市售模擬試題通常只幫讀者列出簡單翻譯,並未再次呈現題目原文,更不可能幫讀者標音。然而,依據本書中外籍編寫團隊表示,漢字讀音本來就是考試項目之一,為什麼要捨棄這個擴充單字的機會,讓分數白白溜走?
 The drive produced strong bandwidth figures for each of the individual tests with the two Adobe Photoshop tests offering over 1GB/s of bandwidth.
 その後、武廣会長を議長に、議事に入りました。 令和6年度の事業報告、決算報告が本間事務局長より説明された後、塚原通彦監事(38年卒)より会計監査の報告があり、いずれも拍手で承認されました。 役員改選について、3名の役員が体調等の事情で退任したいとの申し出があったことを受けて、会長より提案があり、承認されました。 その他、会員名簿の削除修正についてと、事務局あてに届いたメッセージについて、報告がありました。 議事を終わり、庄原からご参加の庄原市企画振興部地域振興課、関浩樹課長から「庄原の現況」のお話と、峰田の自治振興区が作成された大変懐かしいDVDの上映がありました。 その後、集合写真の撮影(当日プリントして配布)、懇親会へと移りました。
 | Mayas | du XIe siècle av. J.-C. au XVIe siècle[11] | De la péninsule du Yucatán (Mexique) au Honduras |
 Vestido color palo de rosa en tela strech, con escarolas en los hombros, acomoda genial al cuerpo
● ● ● ● ●
Work instructions:
Output an exact copy of the lines beginning at the one that holds "The drive produced" and running through the final line of the records.

Reply to the exercise:
 The drive produced strong bandwidth figures for each of the individual tests with the two Adobe Photoshop tests offering over 1GB/s of bandwidth.
 その後、武廣会長を議長に、議事に入りました。 令和6年度の事業報告、決算報告が本間事務局長より説明された後、塚原通彦監事(38年卒)より会計監査の報告があり、いずれも拍手で承認されました。 役員改選について、3名の役員が体調等の事情で退任したいとの申し出があったことを受けて、会長より提案があり、承認されました。 その他、会員名簿の削除修正についてと、事務局あてに届いたメッセージについて、報告がありました。 議事を終わり、庄原からご参加の庄原市企画振興部地域振興課、関浩樹課長から「庄原の現況」のお話と、峰田の自治振興区が作成された大変懐かしいDVDの上映がありました。 その後、集合写真の撮影(当日プリントして配布)、懇親会へと移りました。
 | Mayas | du XIe siècle av. J.-C. au XVIe siècle[11] | De la péninsule du Yucatán (Mexique) au Honduras |
 Vestido color palo de rosa en tela strech, con escarolas en los hombros, acomoda genial al cuerpo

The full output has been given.